The antioxidant effect exerted by TGF-1β-stimulated hyaluronan production reduced NF-kB activation and apoptosis in human fibroblasts exposed to FeSo4 plus ascorbate

Abstract

Previous studies suggest that Transforming growth factor-1beta (TGF-1beta) administration in human fibroblasts exposed to oxidative stress is able to modulate hyaluronan synthases (HASs). HAS modulation in turn increases high molecular weight (Hyaluronan) HA concentration. Nuclear factor kB (NF-kB) is a response transcription factor involved in inflammation and acts by enabling the expression of certain detrimental molecules.
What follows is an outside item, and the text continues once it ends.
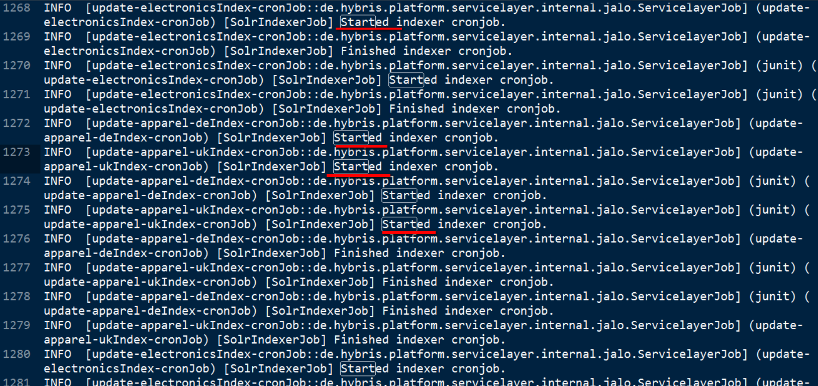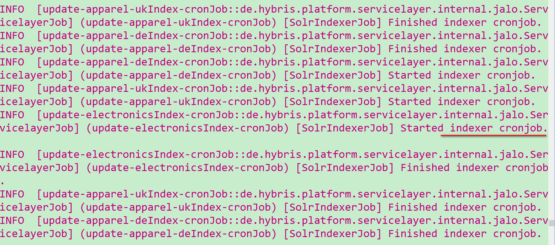 默认设置下cron job在Hybris服务器启动时会自动启动,这一点可以在Hybris服务器启动日志里查看: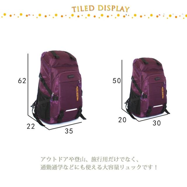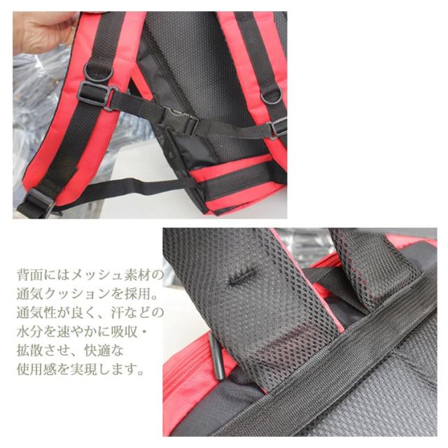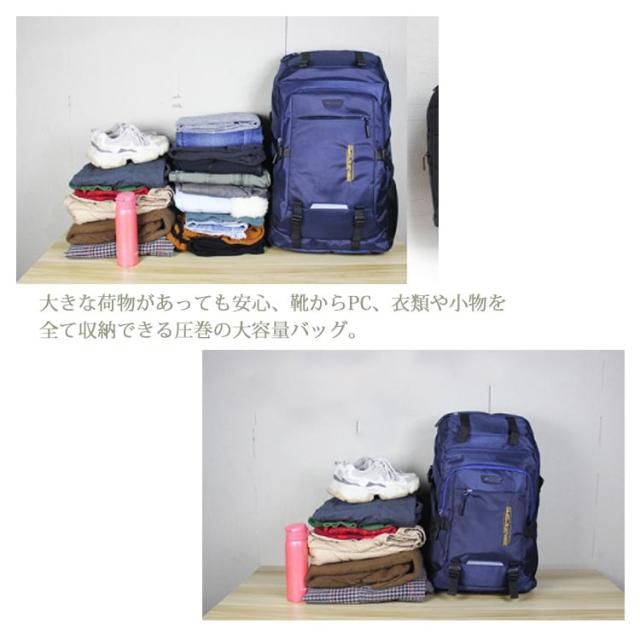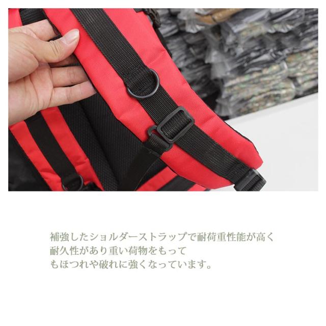 | 背面にはメッシュ素材の通気クッションを採用。通気性が良く、汗などの水分を速やかに吸収・拡散させ、快適な使用感を実現します。 大きな荷物があっても安心、靴からPC、衣類や小物を全て収納できる圧巻の大容量バッグ。 補強したショルダーストラップで耐荷重性能が高く耐久性があり重い荷物をもってもほつれや破れに強くなっています。 撥水加工がされた防水のリュックサック多少の雨であれば水を弾く撥水性。 アウトドアや登山、旅行用だけでなく、通勤通学などにも使える大容量リュックです! | |

Caspases are specific proteases responsible for regulating and programming cell death. HA at medium molecular weight together with chondroitin-4-sulphate proved to be effective on NF-kB and caspases. We investigated whether the protective effect afforded by the high molecular weight HA produced by TGF-1beta treatment has any effect on NF-kB and apoptosis activation in fibroblast cultures exposed to oxidative stress. Generation of free radicals gives rise to cell death, increases lipid peroxidation, activates NF-kB, reduces its cytoplasmic inhibitor IkBalpha, augments caspase-3 and caspase-7 gene expression and their relative protein activity, and depletes catalase (CAT) and glutathione peroxidase (GPx). Treatment of fibroblasts with TGF-1beta 12 h before inducing oxidative stress greatly increased HA levels, ameliorated cell survival, inhibited lipid peroxidation, blunted NF-kB translocation, normalized IkBalpha protein, reduced caspase gene expression and protein levels, and restored the endogenous antioxidants CAT and GPx. Since it was previously reported that antioxidants can work as inhibitors of NF-kB and apoptosis induction we can hypothesize that endogenous HA, by inhibiting lipid peroxidation, may block a step whereby free radical activity converges in the signal transduction pathway leading to NF-kB and caspase activation.